Showing the byte as binary might be helpful to visualize what's involved. The hex #$24 in binary is %00100100 - split into nibbles is %0010 (the 2) and %0100 (the 4). The upper nibble is the one the 5101 is able to store directly, but the position in the byte of the lower nibble prevents it from being stored. A shift operation is performed 4 times on the byte to reposition the lower nibble as the upper nibble, enabling it to be stored to the 5101. (Each shift moves the binary pattern to the left one bit - here's the full sequence: Start=%00100100, shift left=%0100100x, shift left=%100100xx, shift left=%00100xxx, shift left=%0100xxxx, giving you the #$4 in the high nibble) All byte data has to be split this way to be saved, and recombined on reading from the single 5101 ram boards (bally -17 and -35, stern mpu-100). You can see why Stern added the second 5101 ram to their boards, to make programming much easier!


Fourth and Fifth flashes:

Next, the program tests each of the 2 6820/6821 PIA's (peripheral interface adapters) at U10 and U11, starting with U10. The PIAs are set to a known state, then data is stored and read back from them to verify their registers are functioning properly. It is important to note that it is not possible for the PIA to be 100% tested with this test as external data would have to be fed in to do so, but the test will at least test the internal registers. (So it would be possible for a PIA to pass the self-test, but still not work properly with external inputs)

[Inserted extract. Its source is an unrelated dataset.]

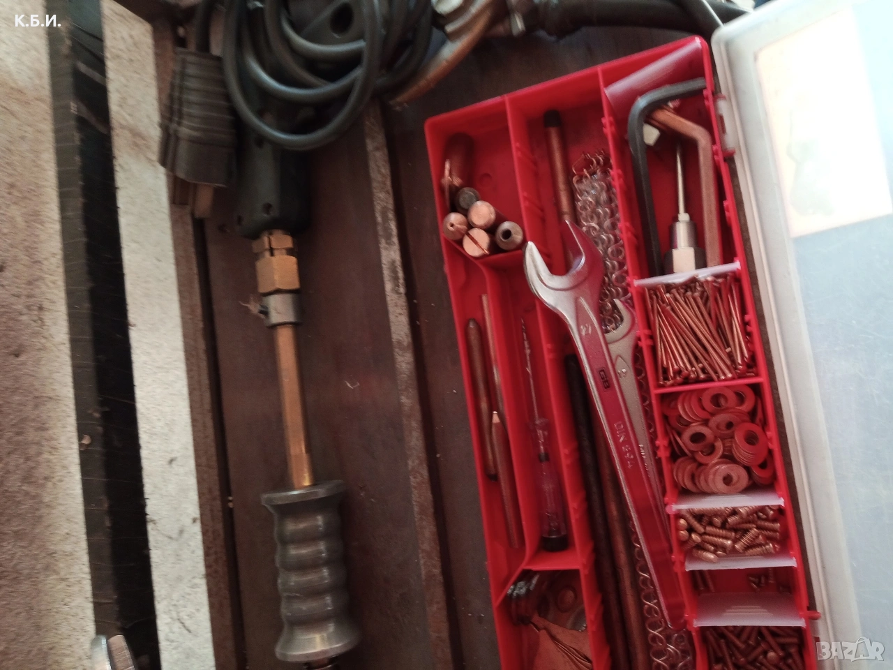 Обратният чук може много лесно и бързо да се сваля и на неговото место да се монтират различни накрайници за заварки на шайби , винтове и много други неща които се виждат на 2-3-4 снимка !!!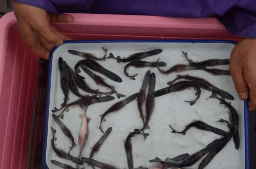 5月6日,天水市渔业技术推广站从四川眉山市引进1万尾新品种匙吻鲟鱼苗运抵我市,分别投放到麦积区九华山生态农业发展有限公司和武山县东胜养殖专业合作社2个渔场。这次引进的匙吻鲟幼苗平均体长8-12cm,尾重70-80克,鱼苗体格健壮、规格整齐、体表光滑、精神状态好。

Assuming the PIAs pass, the fourth (U10) and fifth (U11) LED flashes occur. (The LED itself is connected to the U11 PIA - so if the LED is locked on, U11 might be bad. It's worth letting a locked on LED board 'sit' for a minute or so to see if the game boots all the way up without flashing each test step. This is an example of how a PIA can pass self test but still be bad, as the LED control pin has no feedback as to if the LED is in fact flashing)


Sixth flash:

The sixth flash waits for an external input on U11 pin 40 from the display interrupt generator circuit - this occurs 300 times a second. If you're missing the sixth flash, there may be a problem with either the U12 circuit, OR the input pin on the PIA. A logic probe, oscilloscope, or a multimeter on pin 40 can help you determine which. A logic probe will pulse if the display circuit is operating, the scope will show you the signal's waveform, and the multimeter should settle on a voltage somewhat between 0-5 volts. With no sixth flash but good results from the measurement, it's a safe bet that U11 is bad and needs to be replaced.

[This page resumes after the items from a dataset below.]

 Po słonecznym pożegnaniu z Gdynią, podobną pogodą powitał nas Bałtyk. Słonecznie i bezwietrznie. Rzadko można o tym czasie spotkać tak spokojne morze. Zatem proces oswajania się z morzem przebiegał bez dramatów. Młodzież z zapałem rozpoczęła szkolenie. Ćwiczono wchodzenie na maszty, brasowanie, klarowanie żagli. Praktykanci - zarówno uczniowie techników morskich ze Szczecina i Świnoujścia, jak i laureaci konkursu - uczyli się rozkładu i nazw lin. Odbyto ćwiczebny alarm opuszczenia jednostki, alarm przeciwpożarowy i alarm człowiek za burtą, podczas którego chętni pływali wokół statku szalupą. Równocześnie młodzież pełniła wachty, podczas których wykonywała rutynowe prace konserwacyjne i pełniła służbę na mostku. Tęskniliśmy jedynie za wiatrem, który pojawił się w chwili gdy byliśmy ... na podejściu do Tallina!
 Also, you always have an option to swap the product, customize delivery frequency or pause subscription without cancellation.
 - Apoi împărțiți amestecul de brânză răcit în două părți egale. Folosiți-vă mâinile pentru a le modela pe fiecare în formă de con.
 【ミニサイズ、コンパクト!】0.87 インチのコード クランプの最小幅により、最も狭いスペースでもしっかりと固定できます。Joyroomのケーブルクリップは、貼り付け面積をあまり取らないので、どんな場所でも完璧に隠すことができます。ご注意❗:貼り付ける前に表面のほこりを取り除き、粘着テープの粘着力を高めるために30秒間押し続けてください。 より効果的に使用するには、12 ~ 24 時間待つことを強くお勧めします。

Note that the sixth flash does NOT check for the PROPER frequency of operation of the display generation circuitry. As long as there is a pulsing signal (technically, ONE state change), the test is marked good and the program allowed to continue.


Seventh flash:

The last flash waits for an external input on U10 pin 18 from the zero crossing detector circuit - this occurs 120 times a second (as the AC waveform passes or "crosses" 0 volts). Diagnosis of issues with the 7th flash are similar to the 6th flash; you can measure the input to pin 18 to determine if the signal is present or not. Signal present but no flash could mean a bad U10 PIA. Signal missing usually points to missing solenoid voltage (the source of the zero crossing signal is derived from this voltage delivered from the rectifier board) or if present, an issue with the zero crossing detection circuit itself.

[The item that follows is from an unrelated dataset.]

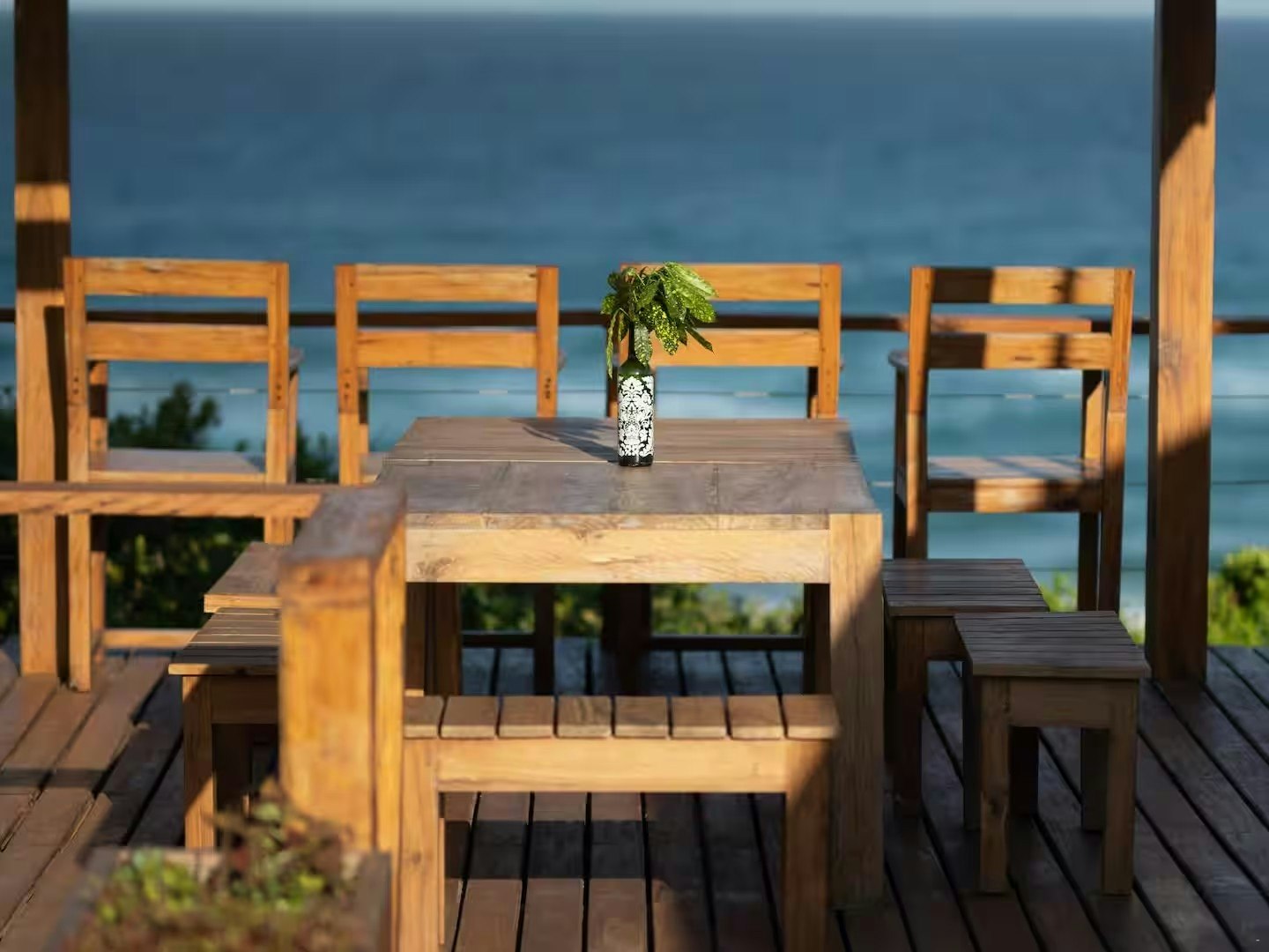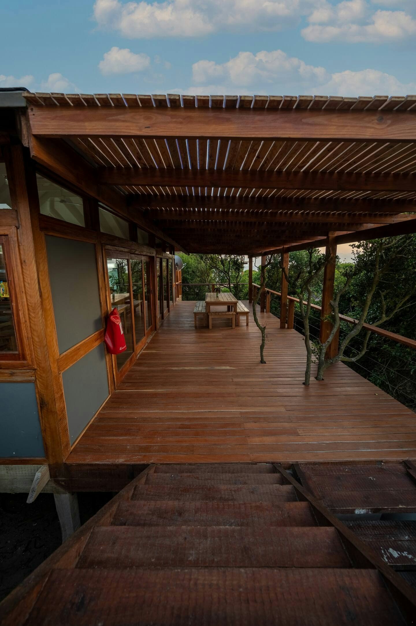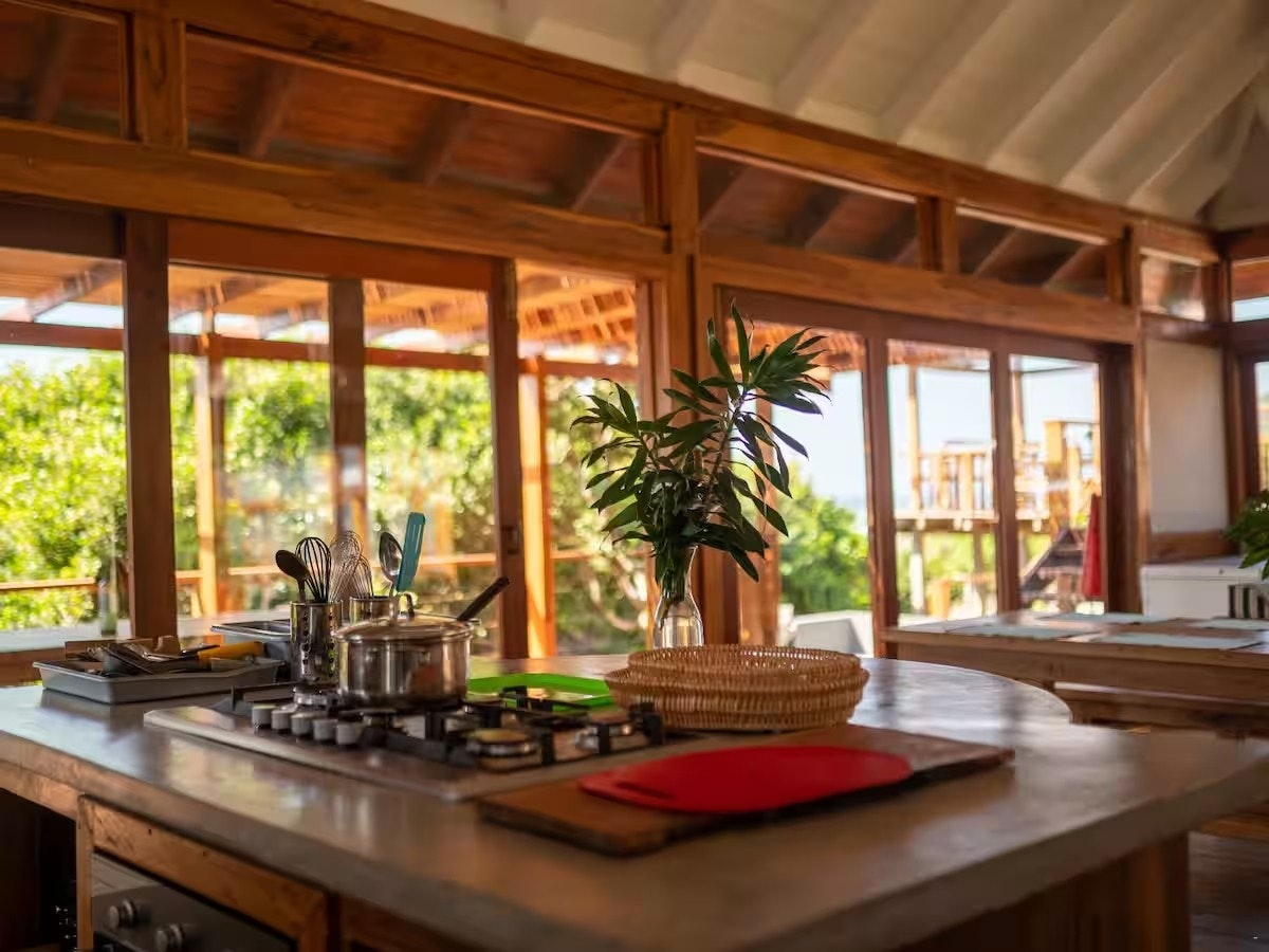 Die huis bestaan uit vier geboue, waarvan een die kombuis, TV-sitkamer en eetkamer huisves, terwyl die oorblywende drie geboue die vier slaapkamers bevat. Slaapkamer 1 het 'n koningingrootte bed, en Slaapkamer 2 het vier enkelbeddens; hierdie twee slaapkamers deel 'n tussendeur wat gesluit of oopgelaat kan word, wat dit ideaal maak vir gesinne met kinders. Slaapkamers 3 en 4 het elk 'n koningingrootte bed. Elke slaapkamer het 'n privaat ingang vanaf die buitedek, en al die slaapkamers is lugverkoel, gemeubileer met plafonwaaiers, bedkassies, lampe en en suite-badkamers met 'n stort, wasbak en toilet. Die huis bied gemaklik slaapplek vir 10 gaste, en alle linne en badhanddoeke word voorsien.

Note again that the seventh flash does NOT check for the PROPER frequency from the zero crossing detector, it simply checks for a pulsing signal, and it only checks for ONE transition.


After the 7th flash, the program does some background setup, reads dip switches, enables the displays, attract modes, switch scanning etc. in a 'game over' mode, waiting for player input. The LED will sometimes be dimly glowing or even pulse as this happens, which is not a cause for alarm - you can rebuild the LED circuit around Q2 if this worries you, but it is harmless.


3.2 Bally Solenoid Driver for Dummies

First off, take a look at the picture below:

http://stevekulpa.net/pinball/ballycoil1.jpg

This is a typical Bally coil from a Mata Hari machine. Notice 3 things: The two big fat yellow wires going to one lug, the small skinny wire going to the other lug, and the diode connected to the two lugs.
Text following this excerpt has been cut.